Local shipping companies are feeling the benefit of plunging global oil prices, and the savings are being passed along to customers as the cost of bringing goods and materials to the Island falls.

Oil prices have dropped around 50 per cent since last June. Brent crude oil was trading just above $53 yesterday.

The cheaper oil means lower running costs for Bermuda’s three container ships Oleander, Somers Isles and Bermuda Islander.

At the same time global tanker companies, including Bermuda-based Frontline, Nordic American Tankers and Teekay Tankers, have been presented with opportunities to profit from increased demand for tankers, which can be used by traders as storage facilities for the cheaper oil. The stored oil can be sold and delivered at a later date when prices improve.

For Bermuda the direct boost from lower oil prices will begin filtering into the economy in the next few weeks as fuel surcharges drop.

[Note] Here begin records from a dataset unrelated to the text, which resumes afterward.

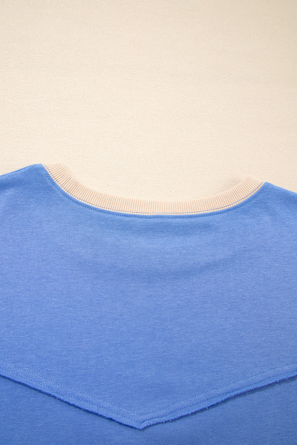 Blue Exposed Seam Floral Mixed Patchwork Relaxed Plus Size Top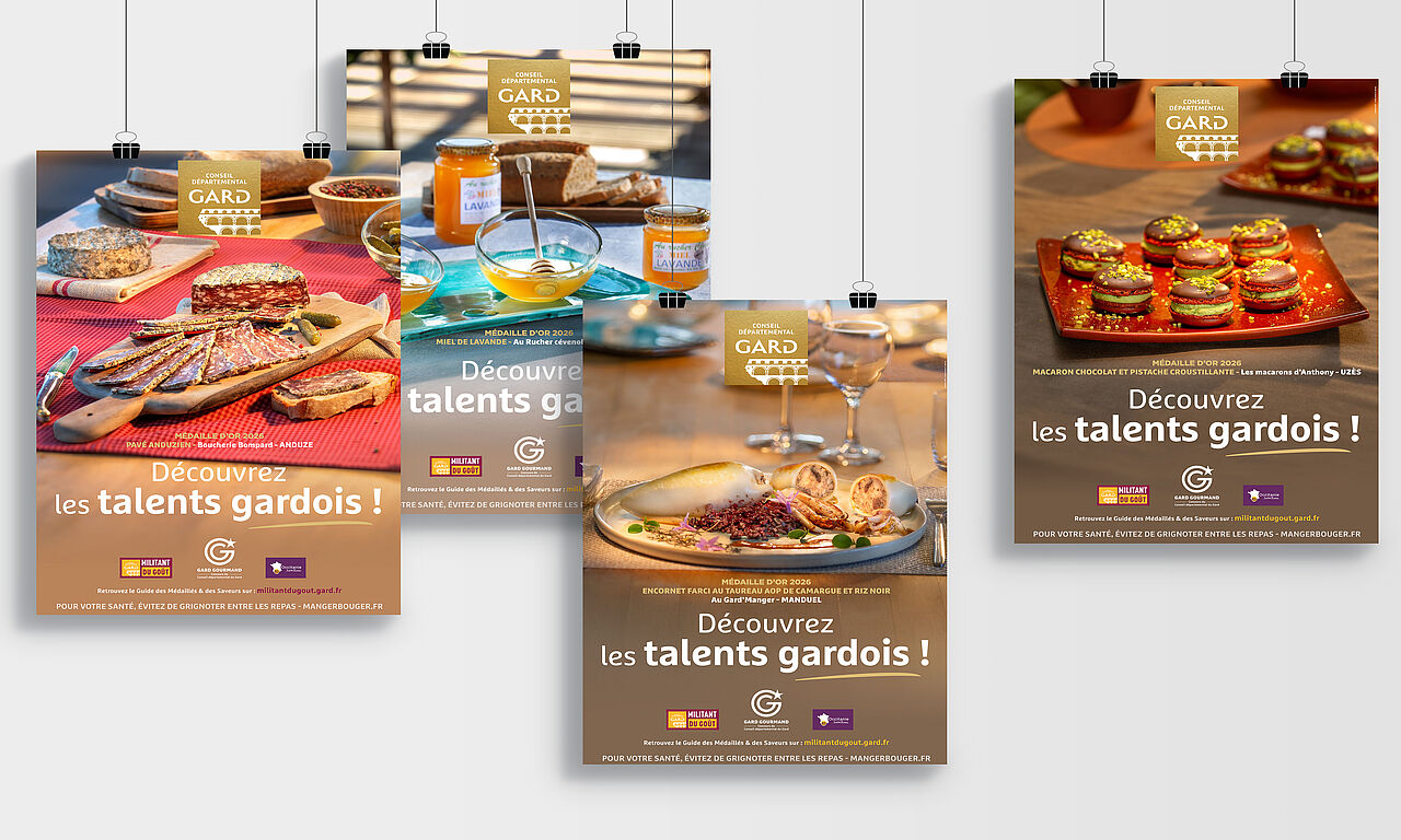 Les visuels de cette campagne de communication ont été sélectionnés parmi la liste des produits médaillés d’or, présentés lors du concours Gard Gourmand.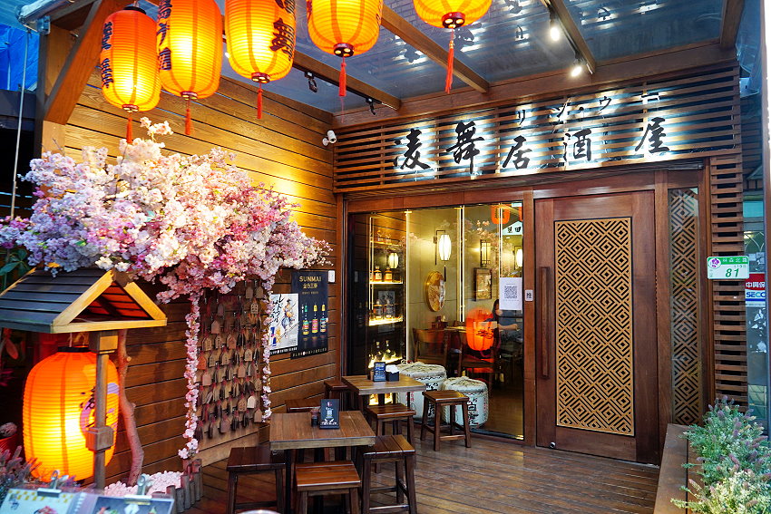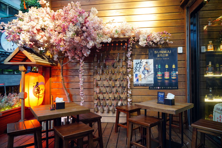 ▼「凌舞居酒屋」外觀就非常出色,有一整棵的粉紅櫻花樹,搭配大紅燈籠、繪馬、酒樽等裝飾,有種一秒來到日本的錯覺,也是不少朋友IG拍照打卡的熱點!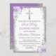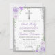 Purple Floral Silver Glitter First Holy Communion Invitation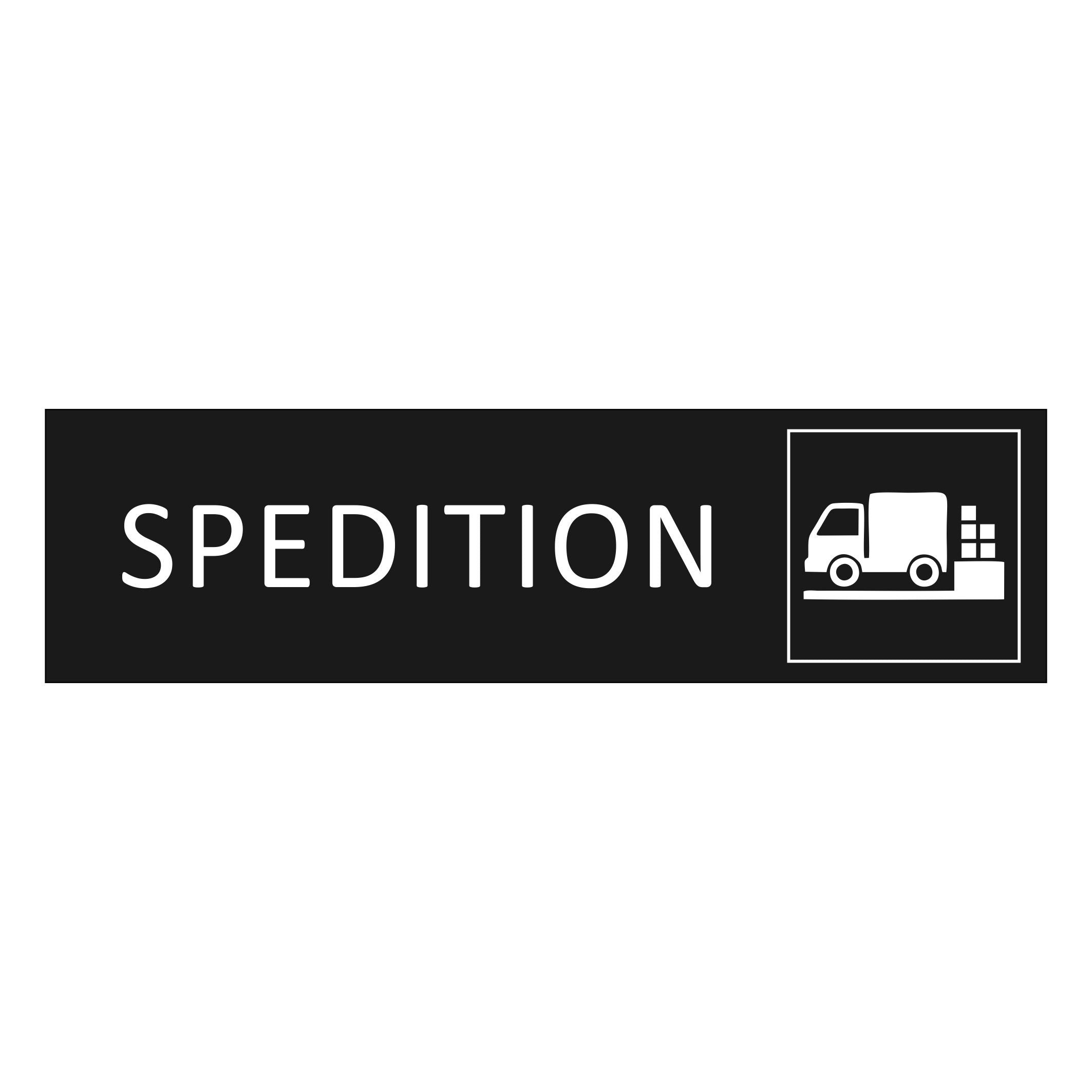Schwarzes Aluminium Türschild Spedition 165x45mm mit 3M-Tape zur Befestigung- pro Stück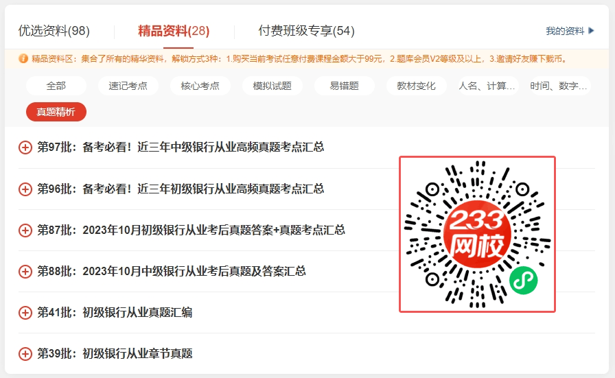 3、冲合速记:2024年银行从业干货札记已上线【冲合速记】【专项打破】等冲刺材料,这些材料由233网校金融讲师团队精编而成,可配套冲刺串讲班、专项打破班研习,现正在可免得费阅读,疾去看看吧!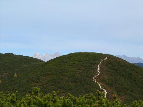| Der Weg zum Strimskogel führt von der Stubhöhe über Leckriedel und einige andere namenlose "Hügel" durch dichten Latschenwald |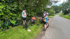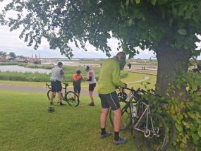 All fed and watered, we departed, with only 22 miles between us and fish and chips by the seaside (well, estuary). Then disaster at 40 miles as Leigh’s back tyre punctured. Leigh turned the bike over and could not unscrew the through axle. We tried and tried. Then with one almighty push, crack, Leigh undid it. He then endeavoured to get the tyre off, but was so tired from trying to get the through axle off. He was getting more and more frustrated and I could see he was ready to “self implode”. Stepping in, we got the tyre off and a new tube in. CO2 injection all done, and then wheel back on, we were up and running.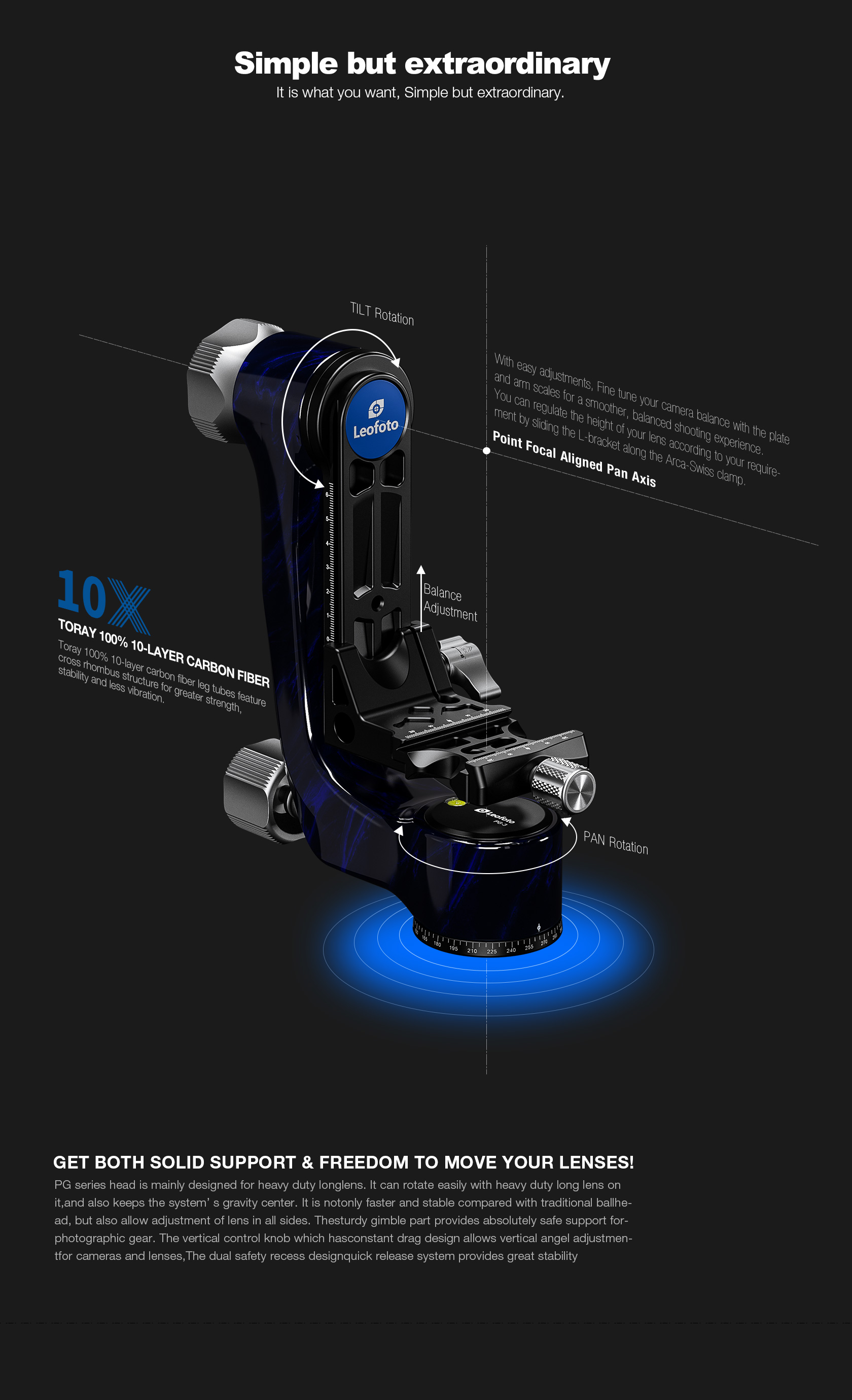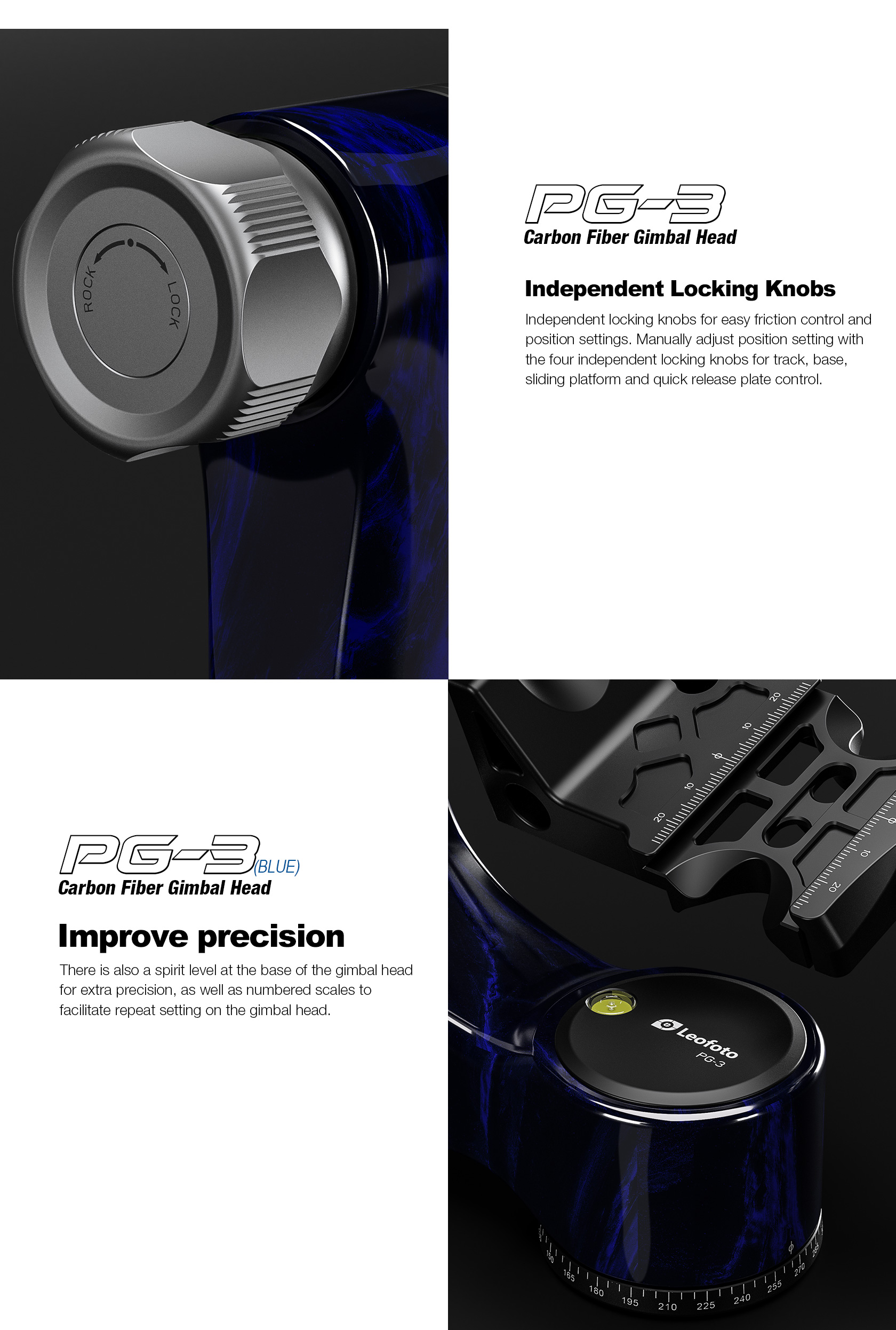 The Leofoto PG-3/L Carbon Fiber Gimbal Head is crafted from 10 layers of Toray carbon fiber, offering a lightweight yet robust gimbal setup. Its newly designed control knobs are smooth and positioned to avoid interfering with lens movement. The PG-3 allows photographers to track fast-moving subjects with large, heavy telephoto lenses, while the swinging arm can be locked at the desired angle and features a bubble level on the base. The Arca-type compatible camera platform includes height adjustability for precise lens balance, and the printed scale on the swing arm enables repeatable setups. A redesigned Arca plate optimized for long lenses supports both 1/4” and 3/8” screws, making the PG-3 ideal for portability without compromising performance.

Bermuda Container Line, which operates the Oleander, will reduce its fuel surcharge per 20ft container from $180 to $152 on February 1.

The surcharge is changed each quarter to reflect the global price of oil and is based on what the company is charged in the US for its fuel.

Barry Brewer, president and CEO of Neptune Ltd, which owns Bermuda Container Line, said: “2008 was the last time fuel prices were this low. We know it is not going to stay low, but we don’t know when it will go back up.”

He said cheaper oil represented a boost for shipping companies.

For Bermuda the cost of importing goods from the US will be lower, although given the Island’s small size and correspondingly small volume of trade, the savings will be less than those enjoyed by bigger countries served by larger ships.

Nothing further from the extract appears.